出来的时候两手空空,等回去的时候就连两小只手上都拿上了几个不重的袋子一起回来。
回家后就不需要他们做什么了,只需要把菜处理完就成,秋恒安则对羊肉进行改刀。
秋姜择菜的时候,眼睛还滴溜溜地瞅着一个很大的棕色罐子。
石越秀有点好笑,“那可不是什么好吃的,是你大爷给恒安带的药酒,让他活血的,味道可不好,闻着也很呛人。”
秋姜点点头。
可不是嘛,虫子蛇蝎啥的做的药酒能好喝才怪了,她也不喜欢喝这玩意。
但是她怎么忘了这玩意也能活络血管了呢。
她认真说,“其实我也会做药酒来着,嫂子你让我尝尝,我肯定能做出改进版的药酒的。”
石越秀有点犹豫,“你能受得了这味道?”
就算是从小在寨子里长大,也没少碰过这些药酒,但活了三十大几年,她压根不敢喝这玩意,唯一一次喝还是因为小时候被大人诓骗,结果那味道她记了三十年。

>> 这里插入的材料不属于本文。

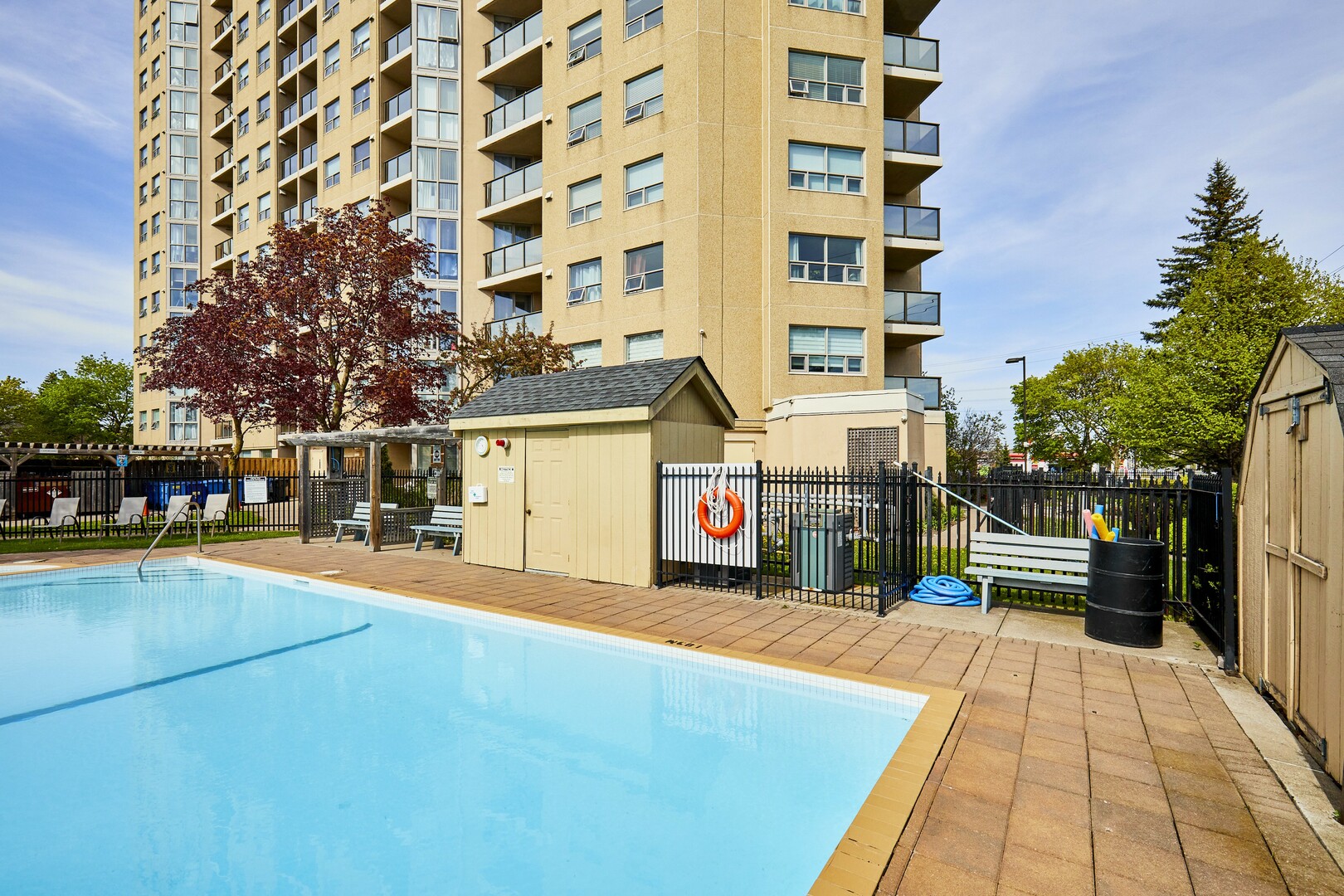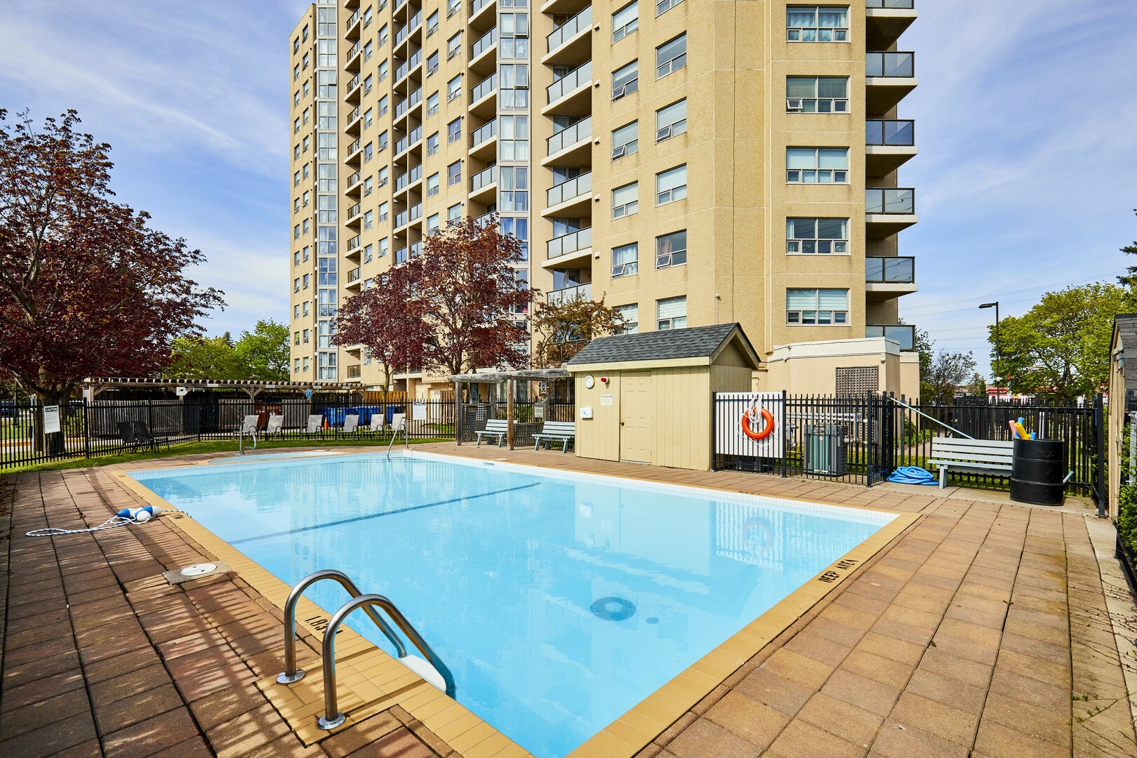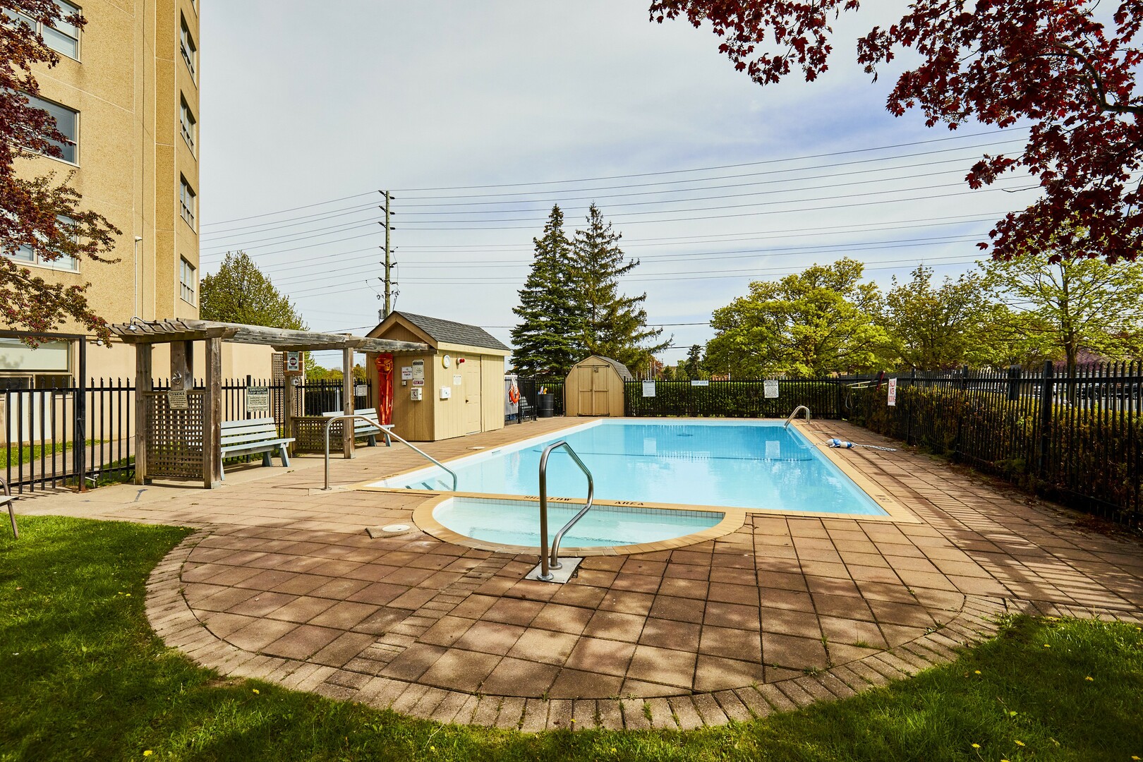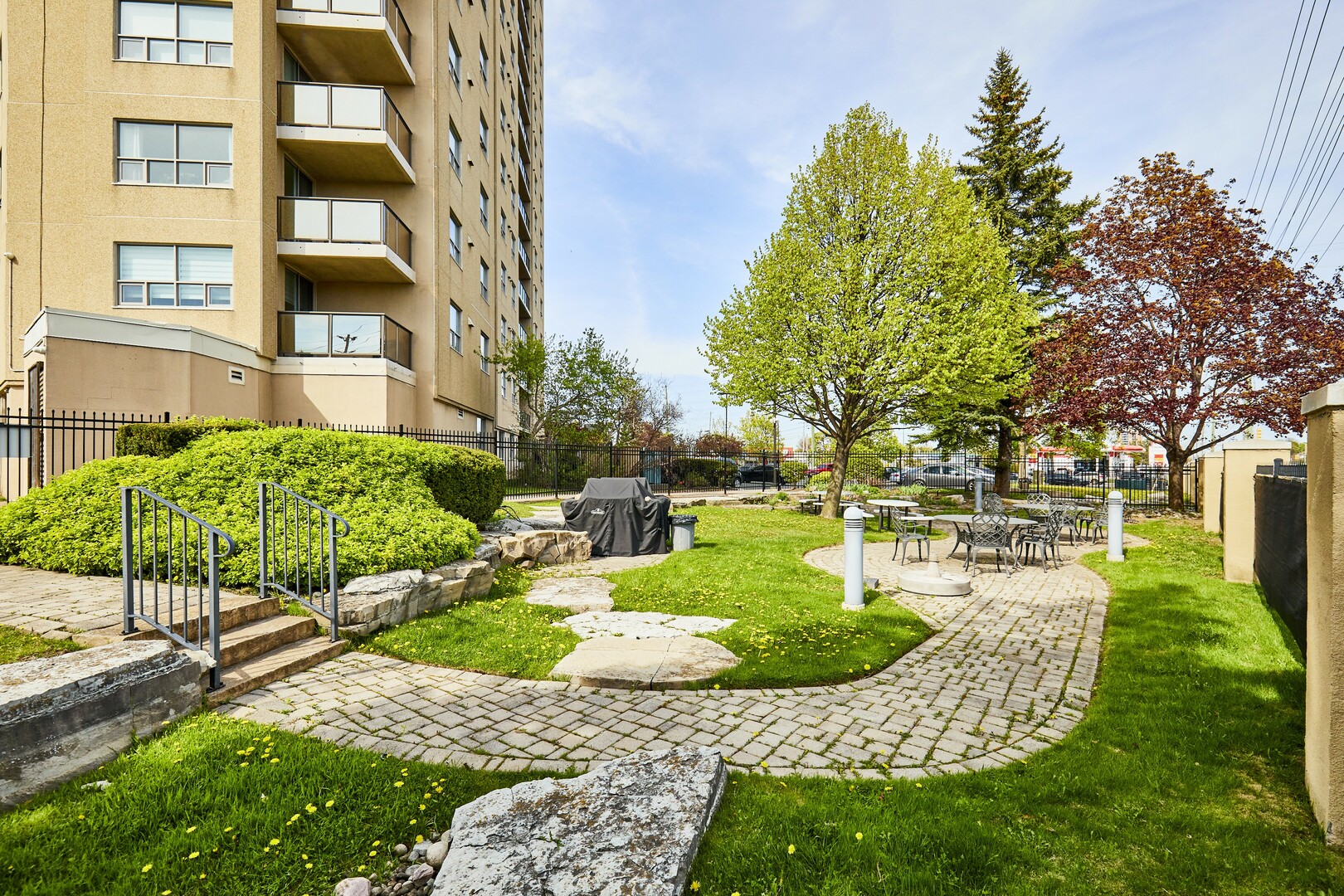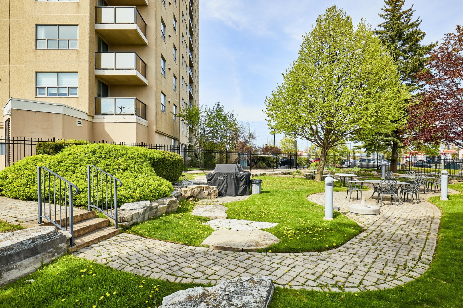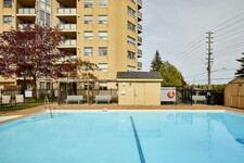 YOUR SEARCH IS OVER / Perfect Location - WALK TO SHOPPING, BANKING, MEDICAL RESTAURANTS, TRANSIT & MORE / Beautiful, Updated 2-BEDROOM , 2-BATH, 2 PARKING, & LOCKER condo, With 954 sqft / VERY REASONABLE MAINTENANCE FEES / This unit offers a desirable Split Bedroom Layout, stylishly appointed with Modern Colours and durable VINYL FLOORING THROUGHOUT. Walkout from the living room to a Private Patio overlooking Mature Trees and a Privacy Hedge with a Bright Southeast Exposure. The Spacious White Kitchen is has plenty of Counter & Cupboard Space along with a convenient pass-through to the Dining Area. The PRIMARY Bedroom comfortably fits a KING SIZE BED and features a Walk-In Closet and 3pc ENSUITE / Great Second Bedroom or Office / Enjoy the comfort of NEWER WINDOWS, NEW PATIO DOOR, UPDATED HEATING UNIT, / BOTH BATHROOMS have been UPDATED and the ENSUITE LAUNDRY adds everyday convenience. This Absolutely MOVE IN READY condo combines functionality, Comfort and Privacy in a WELL MAINTAINED Building Amenities include an OUTDOOR POOL, PATIO, GYM & SAUNA. FANTASTIC LOCATION Close to Major Shopping, Community Center, 401, TRANSIT & GO TRAIN **** Taxes & Sqft are approximate based on similar units and not yet assessed *** No Pets and No Smoking.
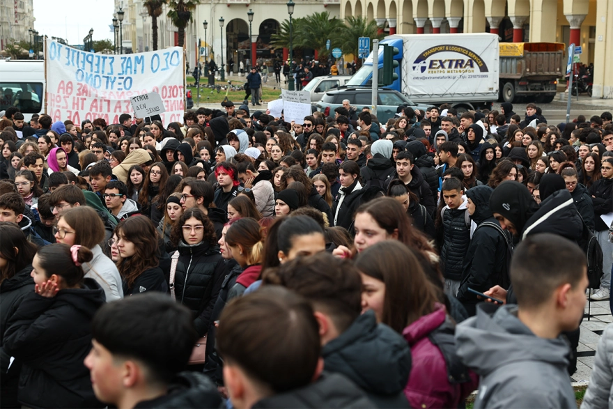 Συγκεντρώσεις μαθητών και φοιτητών έγιναν σήμερα, Παρασκευή, και στη Θεσσαλονίκη και σε άλλες πόλεις για την τραγωδία των Τεμπών.
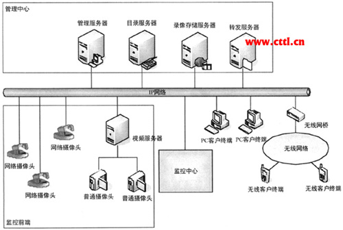 圖中管理中心和監(jiān)控前端、監(jiān)控中心是視頻監(jiān)控系統(tǒng)的組成部分,無線網(wǎng)絡(luò)部分則是視頻監(jiān)控和其他系統(tǒng)互通的一個(gè)示例。當(dāng)然視頻監(jiān)控系統(tǒng)和其他業(yè)務(wù)網(wǎng)絡(luò)共同使用時(shí),也可能會(huì)融為一體。
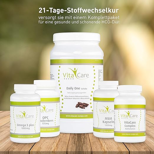 Vitacare 21 e Stoffwechselkur Hcg Diat Komplettpaket Mit Anleitung Msm Kapseln Multivitamin Complex Omega 3 Plus Opc Traubenkern Amazon De Drogerie Korperpflege
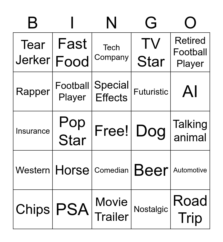 This bingo card has a free space and 24 words: Horse, PSA, Special Effects, Chips, Retired Football Player, Tear Jerker, Rapper, Fast Food, Dog, Comedian, Futuristic, Insurance, Beer, Automotive, Football Player, Nostalgic, Talking animal, Tech Company, AI, Pop Star, Road Trip, Western, TV Star and Movie Trailer.

“让我试试嘛,相信我,我超厉害的。”秋姜撒娇着保证。
石越秀哪儿还舍得拒绝,就是再三跟她强调一会儿要是喝不下去可别哭鼻子。
秋姜心想自己才不会呢。
她爹可是最厉害的蛊师,她就算赶不上他的水平,也不至于连改进药酒都不会。